### [Exercise objective]
Pictures aside, copy exactly each line from the one that holds "Zajímavá situace nastala" through the last line of the records below.

Extracted data entries
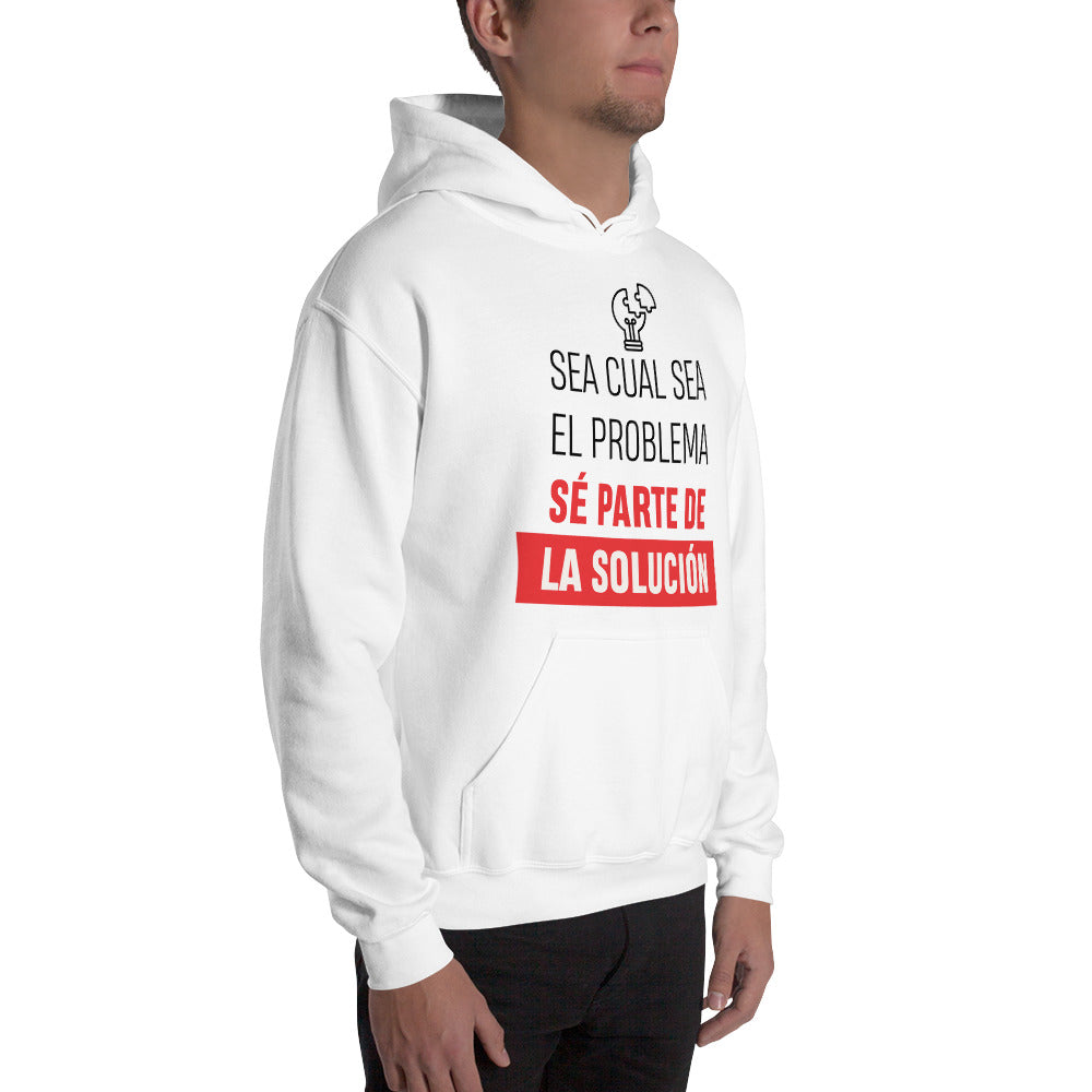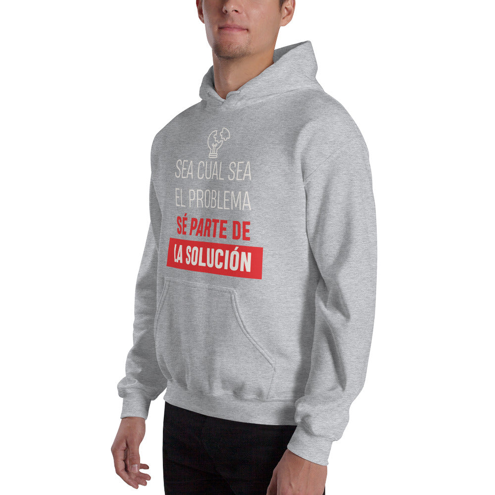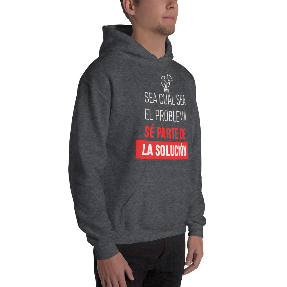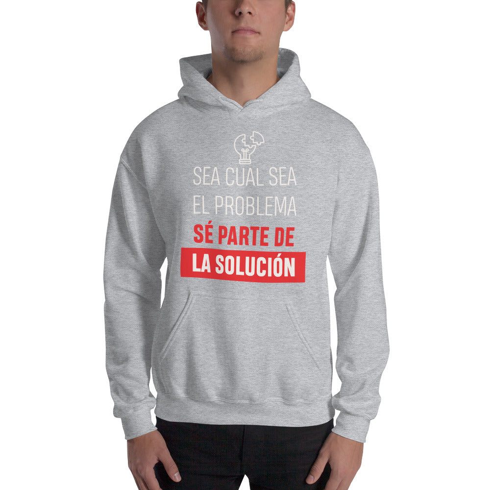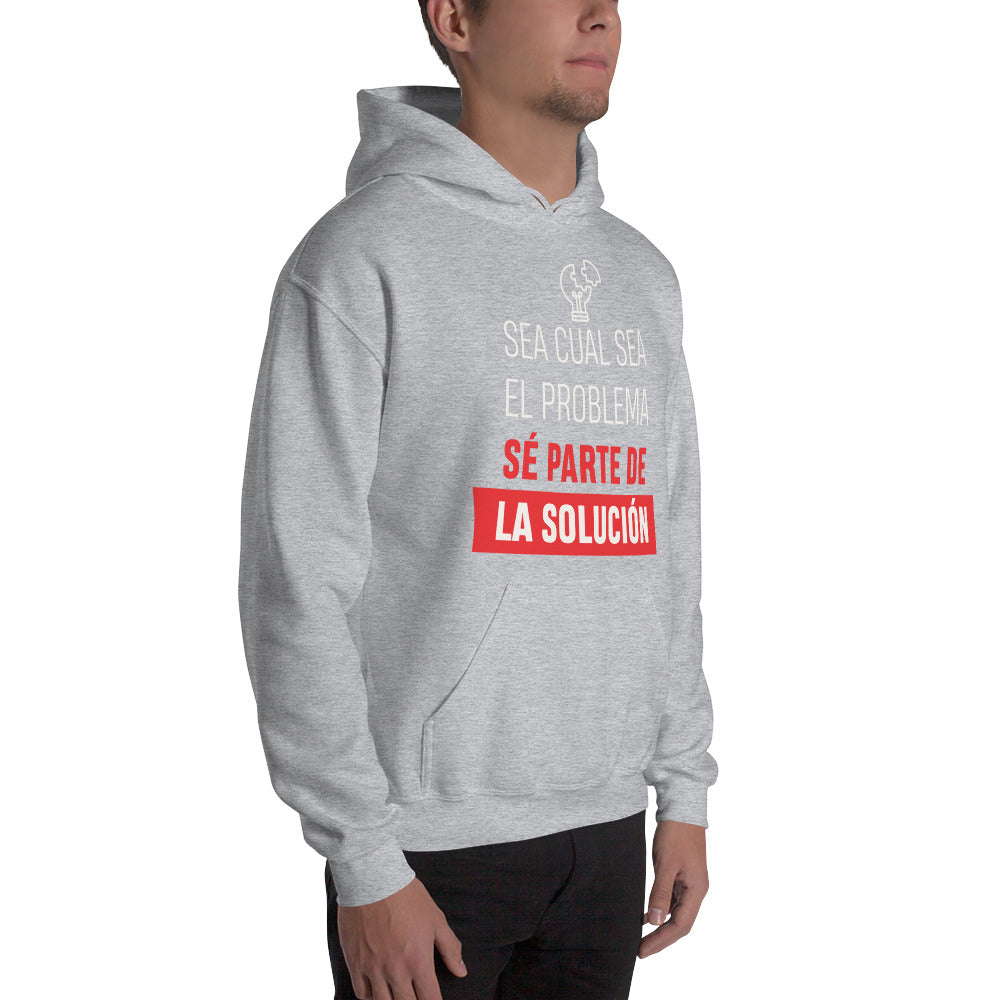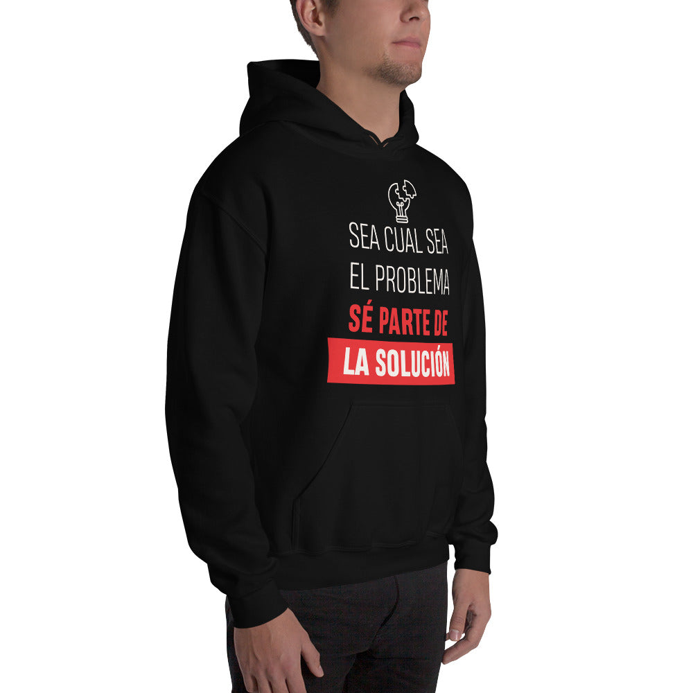 Sudadera con capucha hombre motivacional "Sea cual sea el problema, sé parte de la solución"
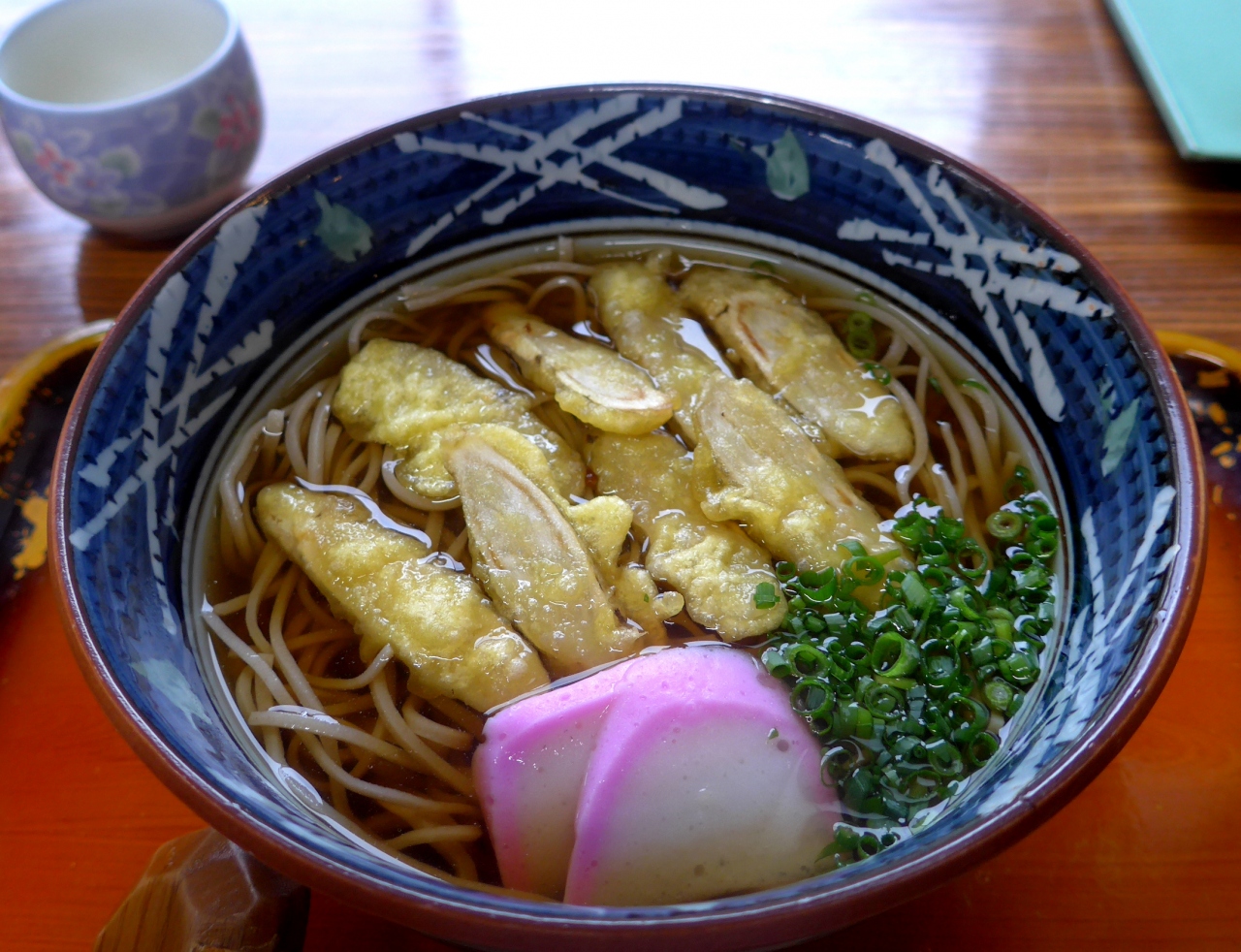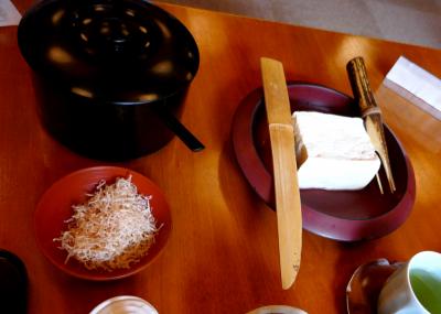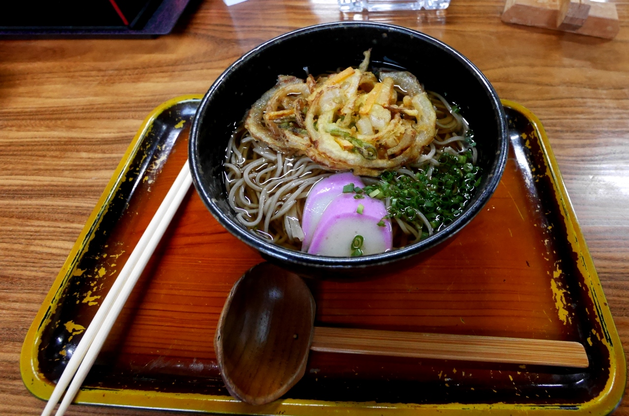 ここの付属食堂 以前来たときに食べなかったので今回は昼食とした.私はてんぷらそば.同僚はごぼてんそば 特別に別皿で鬼の目もちもたのんだ.普通のお餅だが焼いた香ばしさがおいしい,ちからそばにもなるのでなかなかいいね.しかしここの仏像は平安の特徴を示す阿弥陀様だ.200円払っても見る価値あり
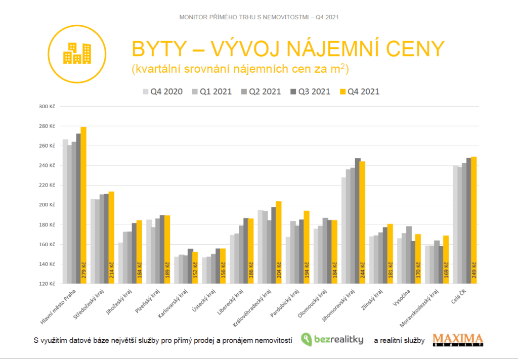 Zajímavá situace nastala na trhu s nájemním bydlení. Očekávaný skokový růst poptávek se ve čtvrtém kvartálu zatím nedostavil – uzavřených nájemních smluv bylo nakonec méně než na podzim. Přesto ceny v Praze vystoupaly na maximum od vypuknutí koronavirové krize – růst je tentokrát v podstatě plošný a tlačí ho především inflace. Průměrný metr čtvereční bytu se pronajímá za 279 korun. Naopak Brno reaguje oproti předchozímu kvartálu mírným poklesem na 244 korun.
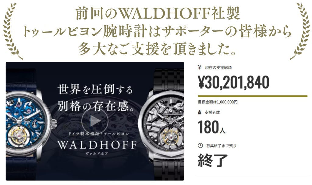 今回もmachi-ya支援者の皆さまには、ドイツ腕時計ブランド「WALDHOFF(ヴァルドホフ)」の魅力が伝わり、ひとりでも多くの方々にご支援いただければ幸いです。
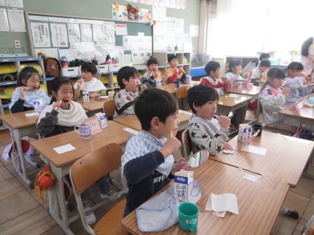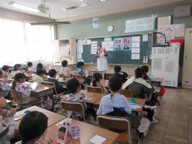 1年生は、歯科衛生士を講師としてお招きし、「歯みがき教室」を実施しました。歯磨きのポイント、歯ブラシの選び方について教わり、また、虫歯にならないために、7つの約束をしました。子供たちは、歯科衛生士の話をよく聞き、実際に歯みがきをして、予防の大切さを学びました。

### [Answer section]
 Zajímavá situace nastala na trhu s nájemním bydlení. Očekávaný skokový růst poptávek se ve čtvrtém kvartálu zatím nedostavil – uzavřených nájemních smluv bylo nakonec méně než na podzim. Přesto ceny v Praze vystoupaly na maximum od vypuknutí koronavirové krize – růst je tentokrát v podstatě plošný a tlačí ho především inflace. Průměrný metr čtvereční bytu se pronajímá za 279 korun. Naopak Brno reaguje oproti předchozímu kvartálu mírným poklesem na 244 korun.
 今回もmachi-ya支援者の皆さまには、ドイツ腕時計ブランド「WALDHOFF(ヴァルドホフ)」の魅力が伝わり、ひとりでも多くの方々にご支援いただければ幸いです。
 1年生は、歯科衛生士を講師としてお招きし、「歯みがき教室」を実施しました。歯磨きのポイント、歯ブラシの選び方について教わり、また、虫歯にならないために、7つの約束をしました。子供たちは、歯科衛生士の話をよく聞き、実際に歯みがきをして、予防の大切さを学びました。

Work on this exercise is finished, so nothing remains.